Data-Driven Policy Learning: Generalization and Optimization

Zhengyuan Zhou
Graduate Student, Stanford University
Date: Oct. 5th, 2018


The problem of learning good treatment assignment rules from observational data lies at the heart of many challenges in data-driven decision making. While there is a growing body of literature devoted to this problem, most existing results are focused on the binary-action case (i.e., where one action corresponds to assignment to control and to assignment to treatment). In this paper, we study the offline multi-action policy learning problem with observational data and, building on the theory of efficient semi-parametric inference, propose and implement a policy learning algorithm that achieves asymptotically minimax-optimal regret. To the best of our knowledge, this is the first result of this type in the multi-action setup and provides a substantial performance improvement over the existing learning algorithms.
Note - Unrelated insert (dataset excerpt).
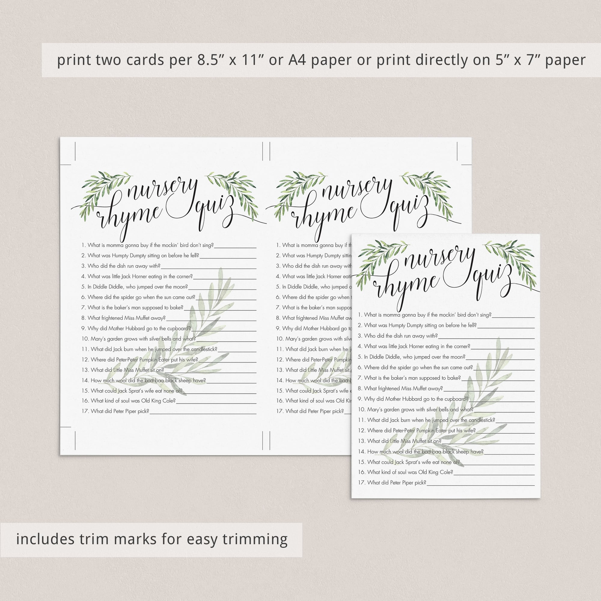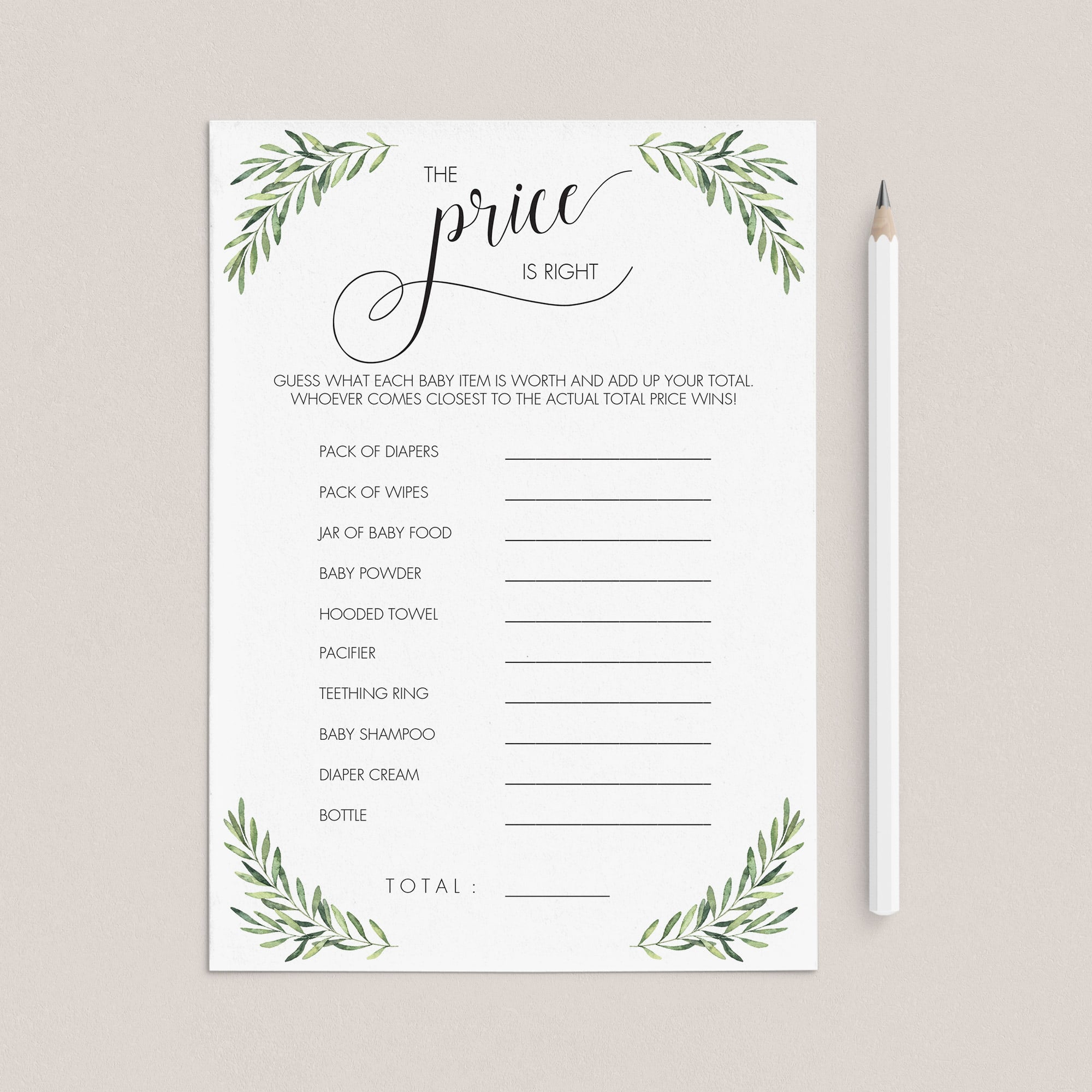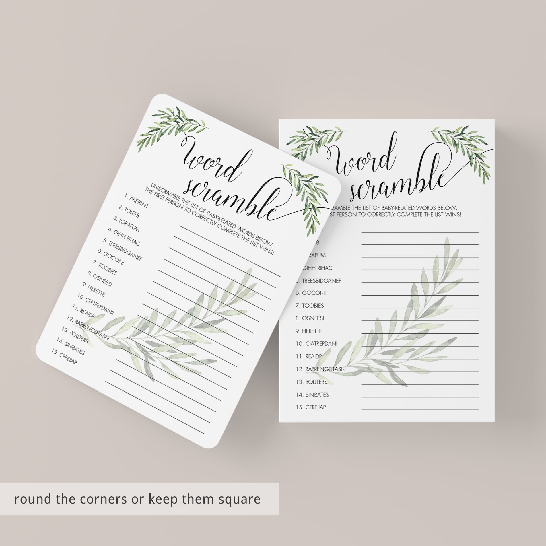 Entertain your baby shower guests with this gender neutral baby shower games package with watercolor olive branches. It is perfect for a neutral baby shower or botanical themed party. The package includes everything you need to entertain large groups with a variety of activities.

We additionally investigate the application aspects of policy learning by working with decision trees, and discuss two different approaches for solving the key step of the learning algorithm to exact optimality, one using a mixed integer program formulation and the other using a tree-search based algorithm.

This is joint work with Susan Athey and Stefan Wager.


Zhengyuan Zhou is a 6th-year PhD candidate in Electrical Engineering and has received a B.E. in Electrical Engineering and Computer Sciences and a B.A. in mathematics from UC Berkeley. His research interests include learning, optimization, control, game theory and applied probability.